Top of DATA EXTRACT

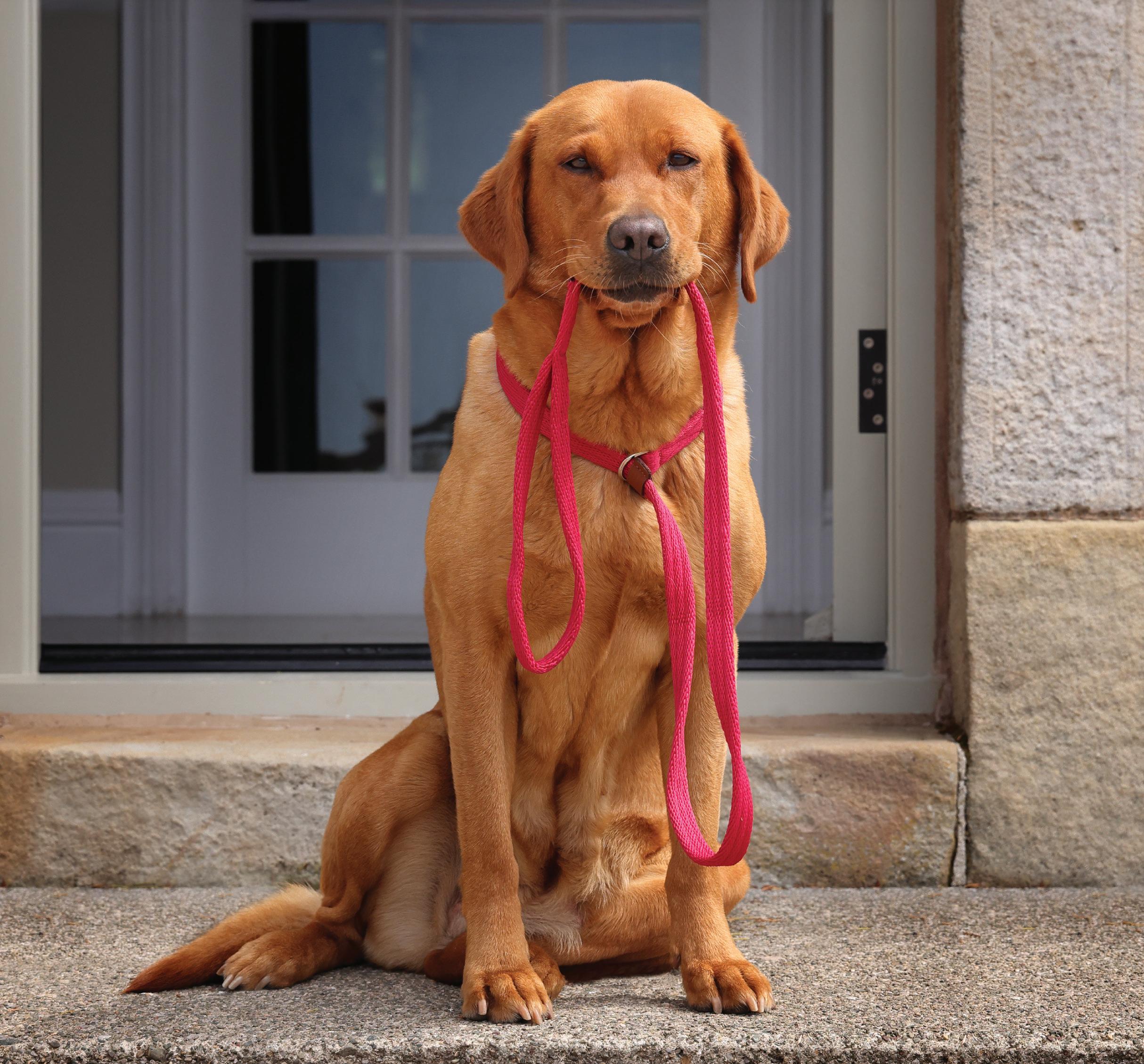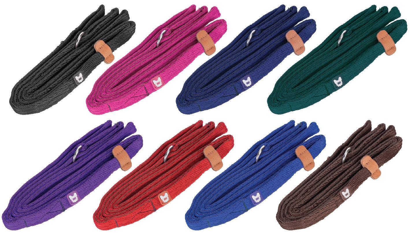 Features a leather slider to prevent the lead from slipping off and allows adjustable tension. Available in 1.5cm and 2cm wide webbing.
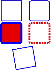 <rect width="100" height="100" x="10" y="130" stroke-width="10" fill="red" stroke="blue" rx="10" ry="10"></rect>
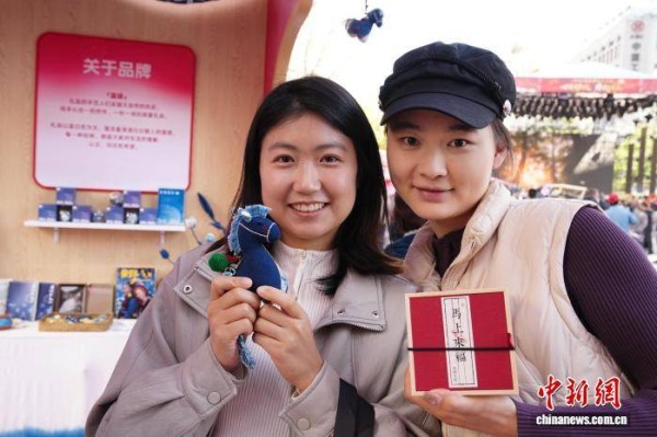 图为游客展示在活动现场购买的白族扎染手工艺品。中新社记者 刘冉阳 摄
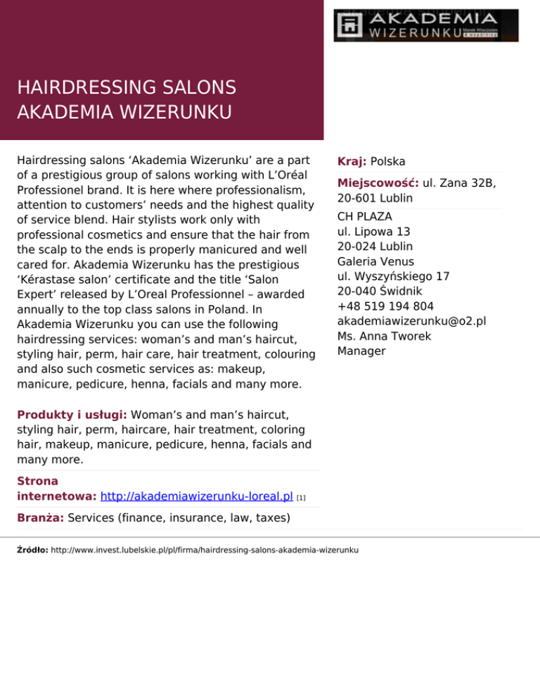 HAIRDRESSING SALONS AKADEMIA WIZERUNKU Hairdressing salons ‘Akademia Wizerunku’ are a part of a prestigious group of salons working with L’Oréal Professionel brand. It is here where professionalism, attention to customers’ needs and the highest quality of service blend. Hair stylists work only with professional cosmetics and ensure that the hair from the scalp to the ends is properly manicured and well cared for. Akademia Wizerunku has the prestigious ‘Kérastase salon’ certificate and the title ‘Salon Expert’ released by L’Oreal Professionnel – awarded annually to the top class salons in Poland. In Akademia Wizerunku you can use the following hairdressing services: woman’s and man’s haircut, styling hair, perm, hair care, hair treatment, colouring and also such cosmetic services as: makeup, manicure, pedicure, henna, facials and many more. Kraj: Polska Miejscowość: ul. Zana 32B, 20-601 Lublin CH PLAZA ul. Lipowa 13 20-024 Lublin Galeria Venus ul. Wyszyńskiego 17 20-040 Świdnik +48 519 194 804 [email protected] Ms. Anna Tworek Manager Produkty i usługi: Woman’s and man’s haircut, styling hair, perm, haircare, hair treatment, coloring hair, makeup, manicure, pedicure, henna, facials and many more. Strona internetowa: http://akademiawizerunku-loreal.pl [1] Branża: Services (finance, insurance, law, taxes) Źródło: http://www.invest.lubelskie.pl/pl/firma/hairdressing-salons-akademia-wizerunku

Bottom of DATA EXTRACT

YOUR TASK
Give back the full data exactly as it reads, but drop the pictures.

OUTPUT OF THE EXERCISE
 Features a leather slider to prevent the lead from slipping off and allows adjustable tension. Available in 1.5cm and 2cm wide webbing.
 <rect width="100" height="100" x="10" y="130" stroke-width="10" fill="red" stroke="blue" rx="10" ry="10"></rect>
 图为游客展示在活动现场购买的白族扎染手工艺品。中新社记者 刘冉阳 摄
 HAIRDRESSING SALONS AKADEMIA WIZERUNKU Hairdressing salons ‘Akademia Wizerunku’ are a part of a prestigious group of salons working with L’Oréal Professionel brand. It is here where professionalism, attention to customers’ needs and the highest quality of service blend. Hair stylists work only with professional cosmetics and ensure that the hair from the scalp to the ends is properly manicured and well cared for. Akademia Wizerunku has the prestigious ‘Kérastase salon’ certificate and the title ‘Salon Expert’ released by L’Oreal Professionnel – awarded annually to the top class salons in Poland. In Akademia Wizerunku you can use the following hairdressing services: woman’s and man’s haircut, styling hair, perm, hair care, hair treatment, colouring and also such cosmetic services as: makeup, manicure, pedicure, henna, facials and many more. Kraj: Polska Miejscowość: ul. Zana 32B, 20-601 Lublin CH PLAZA ul. Lipowa 13 20-024 Lublin Galeria Venus ul. Wyszyńskiego 17 20-040 Świdnik +48 519 194 804 [email protected] Ms. Anna Tworek Manager Produkty i usługi: Woman’s and man’s haircut, styling hair, perm, haircare, hair treatment, coloring hair, makeup, manicure, pedicure, henna, facials and many more. Strona internetowa: http://akademiawizerunku-loreal.pl [1] Branża: Services (finance, insurance, law, taxes) Źródło: http://www.invest.lubelskie.pl/pl/firma/hairdressing-salons-akademia-wizerunku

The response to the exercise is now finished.